Founder of the Giggle for Girls app Sall Grover says she is confident in the outcome of her appeal to the Federal Court of Australia against transgender opponent Roxanne Tickle.
In a post to social media, she said the Giggle v Tickle appeal proceedings were finally finished, more three years after Tickle first filed a discrimination suit.
Grover was originally taken to court after refusing Tickle access to the app, an action which was later ruled to be discriminatory.
“We took facts and the correct construction of that law into the courtroom,” she posted on X on 7 August.
“No emotion, no ideology, just reality. This was the instruction I gave, and it was achieved.
Under the previous ruling, Tickle was awarded $10,000 plus costs after Justice Robert Bromwich ruled the case was discrimination.
The case, which took place in 2022, was the first case of gender identity in the Australian legal system.
Gender discrimination case shows the urgent need for a reality check
In her appeal, Grover claimed Tickle was not discriminated against indirectly as she was unaware Tickle was transgender at the time of the ban.
Grover has also come under fire for refusing to refer to Tickle with female pronouns.
The appeal, which took place in early August, did not include a constitutional challenge like the original trial but focussed heavily on the conclusions drawn from the previous suit.
The appeal is in part about the definition of “woman” and whether, as Bromwich ruled in the original case, trans-identified males who claim to be women must be included.
Director, Public Affairs and Engagement for the Archdiocese of Sydney Monica Doumit said the case was “beyond parody.”
“To think that the full bench of the Federal Court is being asked to define something as obvious as what it means to be a woman should be comical, but it’s not,” she said.
“It’s a demonstration of the lengths to which modern-day suffragettes like Sall Grover need to go to preserve women’s only spaces for all women.”

Grover also slammed the ruling, saying the trial “was a circus” and Bromwich was “aggressively hostile.”
The ruling follows the 2013 amendments to the Sex Discrimination Act, which made it unlawful to discriminate against a person based on sexual orientation or gender identity.
Grover hit out at this ruling, saying Sex Discrimination Commissioner Dr Anna Cody’s definition of the law was “bonkers.”
“It is gender ideology in legalese,” Grover said.
“It is an attempt to enshrine a zeitgeist into legislation, while ignoring every group the Sex Discrimination Act exists to protect in favour of one group: men who claim to be women.”

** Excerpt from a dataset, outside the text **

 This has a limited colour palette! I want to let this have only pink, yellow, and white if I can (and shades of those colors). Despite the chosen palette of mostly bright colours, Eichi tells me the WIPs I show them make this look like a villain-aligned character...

She said if lawmakers felt trans-identified males needed protection, they should create another Act instead of amending the existing one which protects women.

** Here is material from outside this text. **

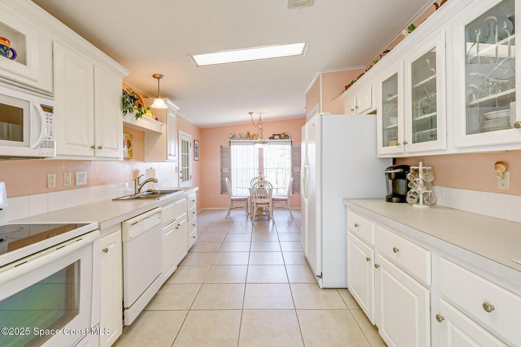 A coveted home in this Community 3/2 with a garage and waterview.Open floor plan with an extra large patio make this home perfect for family and friends to enjoy a party. extra parking spaces as well as a garage on a lovely corner lot make this home memorable' Dining for 8 on the patio as well as seating areas to view the sunset. Front door faces East for a perfect view of Rocket launches.You Own The Land and hoa covers lawncare.security cable and internet.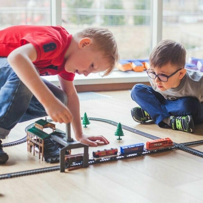 Автоград Железная дорога «Экспресс», 92 детали, работает от батареек, подходит для деревянных железных дорог

“Women need laws too and the Sex Discrimination Act has to not only include but protect women otherwise there is absolutely no point to it,” she said.
Although Grover said she felt confident, she also conceded the case might go to the High Court and, if this were to be the case, she would continue to fight.

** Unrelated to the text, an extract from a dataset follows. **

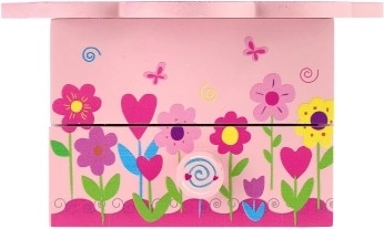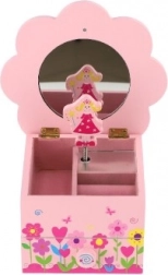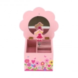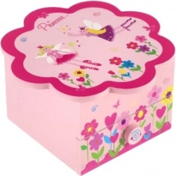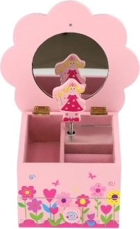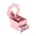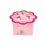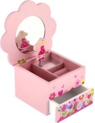 Das bezaubernde Holz-Schmuckkästchen in Rosa begeistert jede kleine Märchenliebhaberin. Der blumenförmige Deckel verbirgt einen Spiegel und beim Öffnen startet ein Musikmechanismus, der jedes Schmücken in ein magisches Ritual verwandelt. Die Innenaufteilung mit Fächern und die untere Schublade helfen, Ringe, Armbänder, Perlen und kleine Schätze ordentlich aufzubewahren.

“I would definitely take it if need be, and I have no doubt that the other side feels the same,” she said.
“We have proven that, while gender ideology has institutional support, the power of the people want reality.”
Women’s Forum Australia CEO Rachael Wong says the belief a person can change their sex, championed by LGBT advocacy groups and at the centre of the trial, was “some of the nonsense spoken” in the case.
“Human beings cannot change sex. Men can never be women. And men do not belong in female-only spaces, no matter how they identify,” she said in her newsletter.
“The case has far-reaching implications for women’s sex-based rights in Australia and protections for female-only spaces, services and sports, and we hope the judges side with truth, reality and common sense in their judgement.”